妊婦さんは湿布を貼ってはいけないの?
妊娠経過とともにおなかが大きくなり、重心もズレてくることや、リラキシンというホルモンの影響で骨盤周囲が緩むことなどから、腰痛を訴える妊婦さんは少なからずいらっしゃいます。
軽々に内服薬(痛みどめ)に手を出す妊婦さんはまずないでしょうが、「湿布や塗り薬(=外用薬)だったら大丈夫かな?」と、思ってしまう妊婦さんは居るかもしれませんね。
でもね、モノや時期によっては、絶対禁忌ということもあるのです。
SOLANINが若かりし頃(つまり大昔)に勤務中に産婦人科ドクターから教えて頂いた話があります。
「妊娠中期以降(後期だったかも?)非ステロイド系消炎鎮痛薬の「インダシン®」を妊婦さんに投与すると、おなかの赤ちゃんの腎臓にダメージを与えたり、動脈管が早期に閉鎖してしまい胎児死亡という症例があったので、そのリスクを回避するために、「インダシン®」を投与しちゃいけない。」という内容でしたが・・・あれは確か外用薬としてではなく内服薬としてだったと記憶しています。
閑話休題。
ここ最近の話ですが、非ステロイド系消炎鎮痛薬の外用薬を使用した妊婦さんに同様の症例報告があったので、産婦人科ドクターは、妊婦さんから腰痛の訴えがあっても、おいそれとは湿布を処方されることはなくなりました。
あっ、もちろん、湿布と申しましても、すべての湿布がNGとゆうわけではありませんよ。

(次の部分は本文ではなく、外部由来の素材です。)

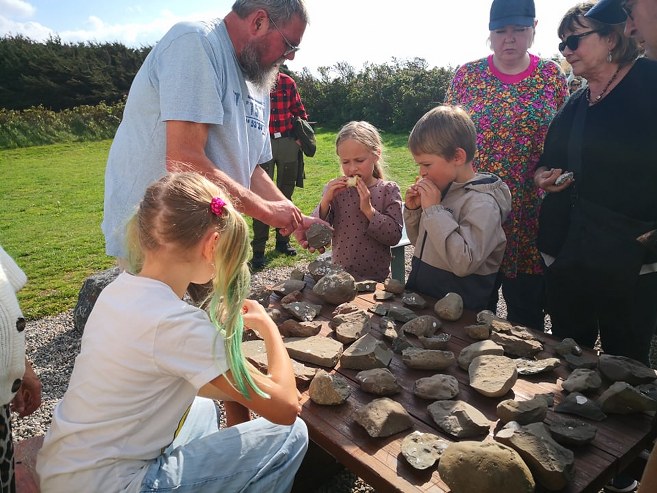 – Tommy har i øvrigt også udlånt en hel montre fuld af specielle fossiler til den store udstilling på Statens Naturhistoriske Museum. Heldigvis havde en del af de besøgende også medbragt fossiler og sten, som vi fik hjulpet dem med at bestemme, slutter Lars Danielsen.

所謂、市販薬でいうところの第1種医薬品(店頭購入の医薬品で、薬剤師さんの説明を受けないと購入できないお薬=薬剤師さんが不在時は販売してもらえないお薬。)がNGなのは特別に説明しなくても即ご理解いただけると思いますが、第2種医薬品であっても、効き目の強いタイプの外用薬がそれに該当しますので注意が必要だとゆうことです。
市販薬としての商品名を挙げると、「ジクロテクト®」「ボルタレンAC®」「フェイタスZ®」などですな。
病院で処方されることのあるお薬の商品名としては、「モーラス®テープ」「エパテック®ゲル」「ミルタックス®ハップ」などですな。
「ロキソニン®テープ」は?
う~ん。
今のところ、おなかの赤ちゃんの動脈管云々の報告はないですが、「治療上の有益性が危険性を上回ると判断される場合にのみ使用すること。」とのことですから、積極的に使うべきではないと思いますね。
喘息持ちの妊婦さんは症状悪化の恐れがあるので、ハナから使えませんし。
それ以外の第3種医薬品の湿布であれば、産婦人科ドクターの処方をしていただかなくても普通に店頭で購入できますし、それらは妊娠中使用禁忌の記載もないのでOKとなります。
妊娠中の腰痛は、トコちゃんベルトを適切な位置に装着すれば、とてもラクになりますし、産後も使用できるものなので、SOLANIN的には腰痛時の対処の第1選択は湿布じゃなくてトコちゃんベルトだと思いますね。
動脈管云々のリスクが無いから安心ですし。